And on that cliff hanging note—to be continued!

  

Thursday, April 7, 2011

700 Miles and a Thumb

700 Miles and One Thumb


Cottonwood is so small it doesn't make the map!
So there was Lewis, he'd just not kissed his sweetheart goodbye at the train station, he'd waved goodbye to his friend Dunn, who was headed for high adventure in New York City, standing by the side of a lonely highway ready to thumb his way to Texas. He was not off to a good beginning. He waited over five hours to catch his first ride, and then, it was only for eight miles. Not a good start.
Not a good start at all. I looked it up on Google Maps. By today’s 78-years-later highways the same route Lewis took, it’s about 740 miles and an estimated twelve or so driving hours. But on bad roads at eight mile stretches, not a good start at all. But things got better. 

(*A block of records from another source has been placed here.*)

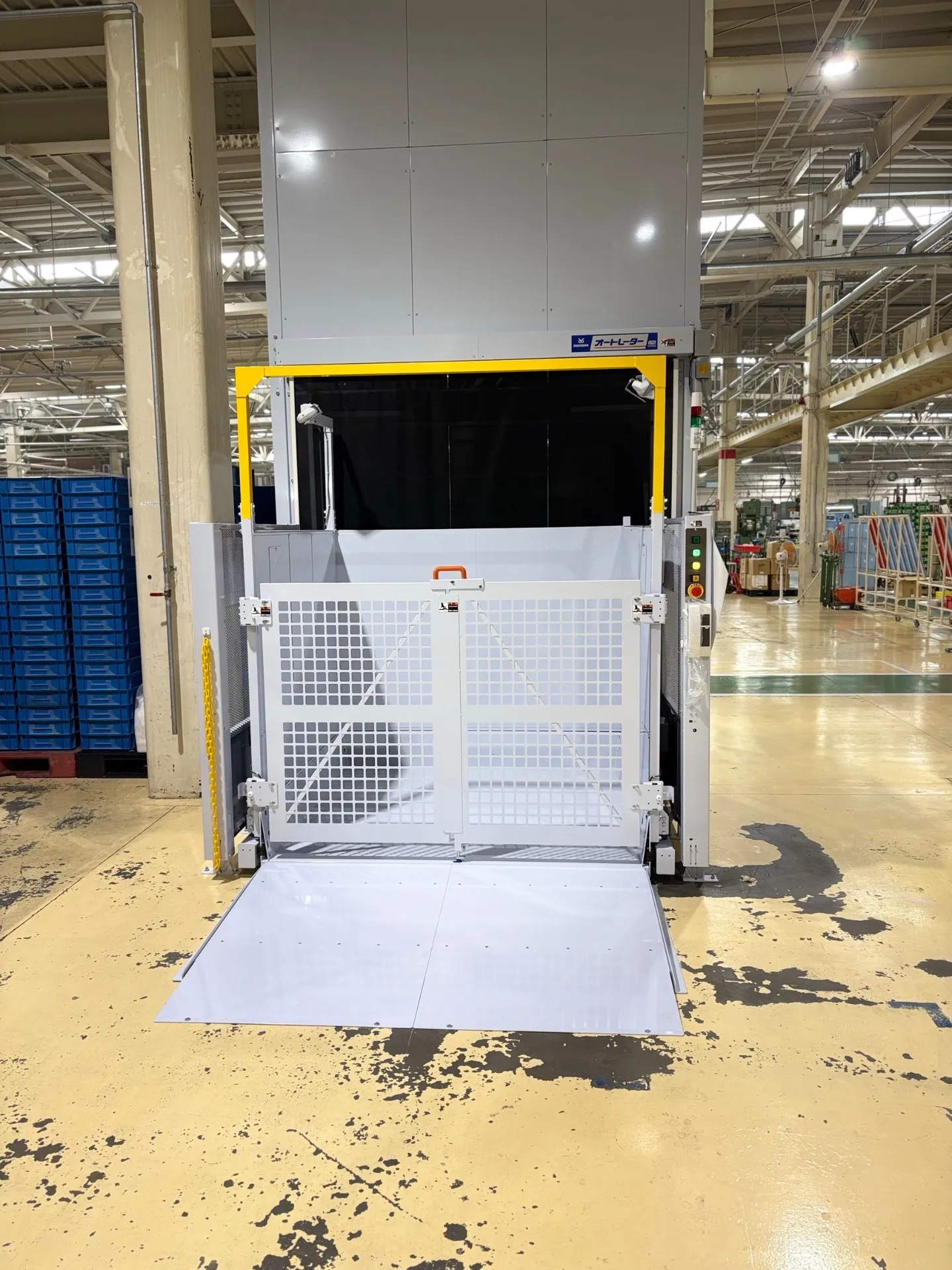 エレベーターのようにカゴを昇降させて荷物を運ぶ、垂直搬送機です。
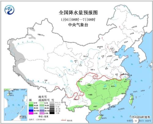 1月4日08時至5日08時,黑龍江中東部、北疆北部和南疆西部山區(qū)、青海中東部、西藏東部和西部、川西高原、陜西中南部、湖北西部、黃淮西部和東南部等地的部分地區(qū)有小雪或雨夾雪;江漢、江淮及其以南大部地區(qū)、西南地區(qū)東部和南部等地的部分地區(qū)有小到中雨,江西中北部、浙江中部和廣西東北部等地的部分地區(qū)有大雨(25~35毫米)。內(nèi)蒙古中北部、黑龍江東北部、遼東半島和山東半島等地的部分地區(qū)有4~6級及以上風(見圖1)。北部灣、瓊州海峽、廣東西部沿岸部分海域?qū)⒂写箪F天氣。
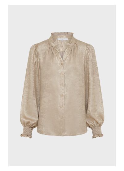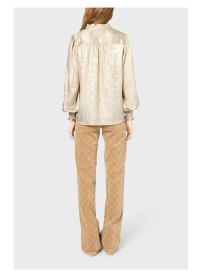 Élevez votre style avec cette chemise dorée, parfaite pour illuminer vos soirées festives. Sa forme droite et son tissu uni à l'aspect flammé apportent une touche d'élégance et de sophistication à votre garde-robe. Le col montant à volants et les manches longues avec bas élastiqués ajoutent une note romantique, tandis que les plis aux épaules et l'empiècement dans le dos garantissent un ajustement flatteur et confortable.
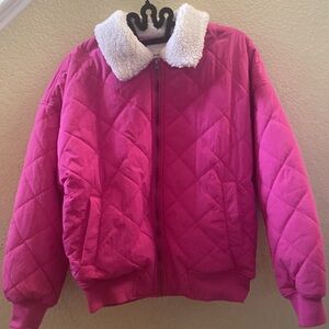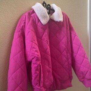 Take your look to new heights in this quilted, aviator-style jacket featuring a relaxed fit, a zip closure and a plush faux-shearling collar.
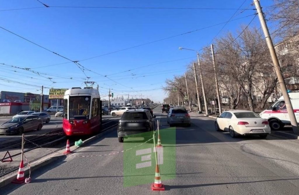 Вагон задел двух человек, которые перешли половину дороги. Они упали на проезжую часть, где им ещё досталось от кроссовера.

  "At that time it seemed I could not continue toward Texas, and I was too far out to walk back to Columbia.     But I waited, then walked along. Pretty soon a Chevy came along and brought me about fifty miles to the junction of Highways 40 and 65."
 [Lewis was very much a typical young man--of then and now. He reports on the rides he catches, not so much (with a couple of exceptions) with the characteristics of the driver but of the kind of car he's driving. Don't believe he mentions a single woman driver, and, best I recall only one specific woman passenger. There is one truck "full of people" sex not specified. I'm guessing that then, like now, most women were disinclined to pick up riders.]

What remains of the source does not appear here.